### [Prompt]
Using the data that follows, output only the lines from the line with "Cryo-Box Typ A- Cardboard" up to and including the line with "Hannes Pabst entgegen.", exactly, leaving pictures aside.

### [Material shown]
Start of Block
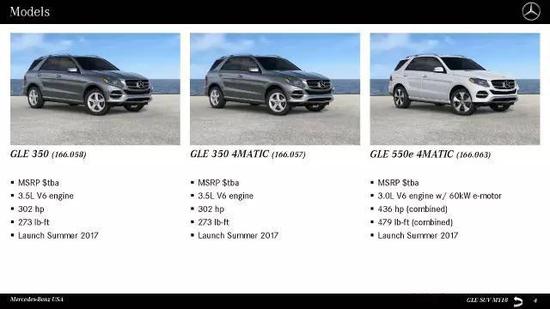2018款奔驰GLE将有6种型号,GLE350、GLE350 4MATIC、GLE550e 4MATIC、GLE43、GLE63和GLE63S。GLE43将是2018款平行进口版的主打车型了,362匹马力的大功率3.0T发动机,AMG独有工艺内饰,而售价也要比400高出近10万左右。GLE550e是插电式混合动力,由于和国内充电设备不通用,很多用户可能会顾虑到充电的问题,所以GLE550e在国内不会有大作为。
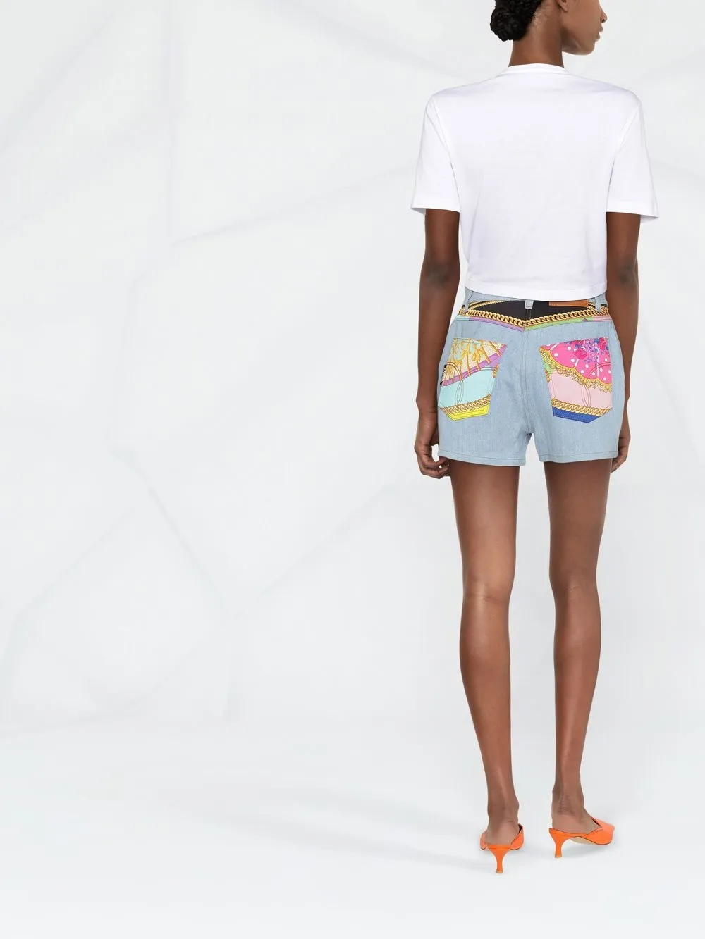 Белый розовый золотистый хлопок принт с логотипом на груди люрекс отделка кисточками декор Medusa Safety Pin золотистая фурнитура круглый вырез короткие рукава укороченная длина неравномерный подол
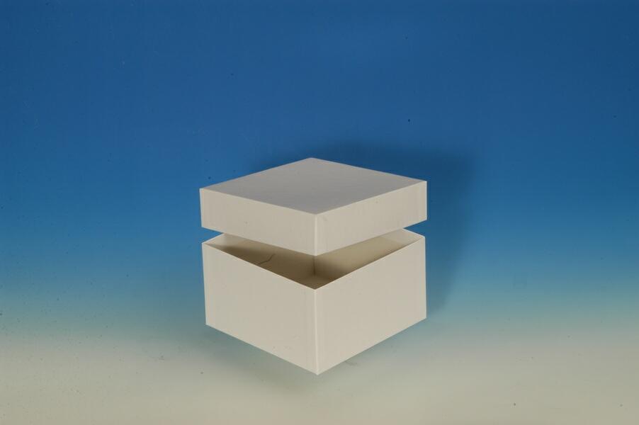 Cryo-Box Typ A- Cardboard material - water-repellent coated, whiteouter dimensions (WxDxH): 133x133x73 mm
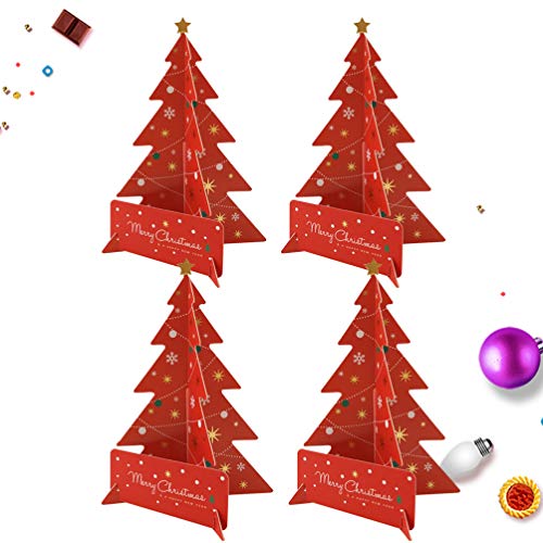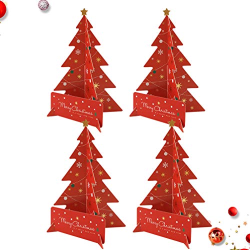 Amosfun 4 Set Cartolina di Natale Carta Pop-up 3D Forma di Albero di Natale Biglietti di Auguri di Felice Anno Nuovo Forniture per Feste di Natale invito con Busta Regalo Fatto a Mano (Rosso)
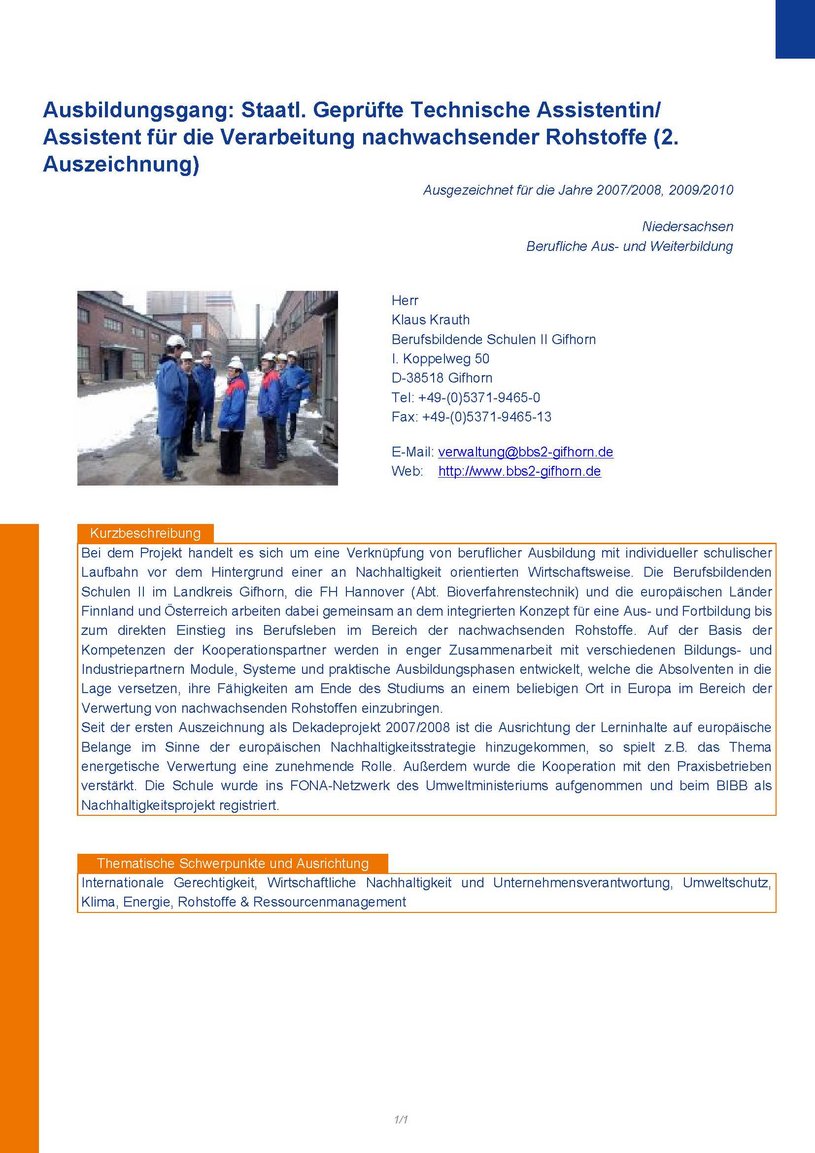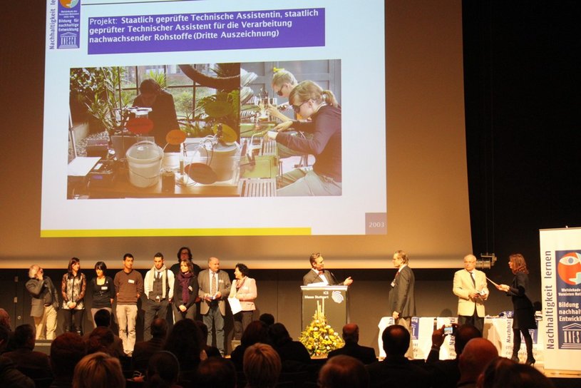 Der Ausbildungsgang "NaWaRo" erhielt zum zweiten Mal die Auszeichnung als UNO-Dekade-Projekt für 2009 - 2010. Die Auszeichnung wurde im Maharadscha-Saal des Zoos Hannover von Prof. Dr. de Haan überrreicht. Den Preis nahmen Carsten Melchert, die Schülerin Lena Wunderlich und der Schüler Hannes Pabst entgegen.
End of Block
Start of Block
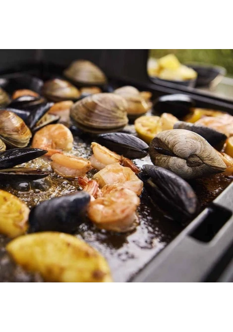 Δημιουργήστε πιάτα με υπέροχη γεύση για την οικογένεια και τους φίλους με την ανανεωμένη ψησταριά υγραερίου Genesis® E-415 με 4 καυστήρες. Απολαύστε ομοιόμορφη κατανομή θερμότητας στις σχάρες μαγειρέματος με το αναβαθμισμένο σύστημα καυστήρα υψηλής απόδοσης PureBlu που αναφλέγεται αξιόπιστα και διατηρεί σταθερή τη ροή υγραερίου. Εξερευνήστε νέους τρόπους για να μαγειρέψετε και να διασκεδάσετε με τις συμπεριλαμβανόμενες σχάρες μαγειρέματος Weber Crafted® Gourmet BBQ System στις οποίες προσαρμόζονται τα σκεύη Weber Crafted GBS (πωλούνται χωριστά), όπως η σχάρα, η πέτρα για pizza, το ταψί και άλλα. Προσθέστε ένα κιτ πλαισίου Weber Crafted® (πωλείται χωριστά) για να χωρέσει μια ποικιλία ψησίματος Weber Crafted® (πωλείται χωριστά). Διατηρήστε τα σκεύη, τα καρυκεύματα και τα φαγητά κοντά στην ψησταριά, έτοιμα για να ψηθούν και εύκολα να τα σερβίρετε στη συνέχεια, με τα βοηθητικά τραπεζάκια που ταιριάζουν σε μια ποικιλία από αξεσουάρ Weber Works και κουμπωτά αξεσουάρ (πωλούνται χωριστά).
End of Block
### [Your solution]
 Cryo-Box Typ A- Cardboard material - water-repellent coated, whiteouter dimensions (WxDxH): 133x133x73 mm
 Amosfun 4 Set Cartolina di Natale Carta Pop-up 3D Forma di Albero di Natale Biglietti di Auguri di Felice Anno Nuovo Forniture per Feste di Natale invito con Busta Regalo Fatto a Mano (Rosso)
 Der Ausbildungsgang "NaWaRo" erhielt zum zweiten Mal die Auszeichnung als UNO-Dekade-Projekt für 2009 - 2010. Die Auszeichnung wurde im Maharadscha-Saal des Zoos Hannover von Prof. Dr. de Haan überrreicht. Den Preis nahmen Carsten Melchert, die Schülerin Lena Wunderlich und der Schüler Hannes Pabst entgegen.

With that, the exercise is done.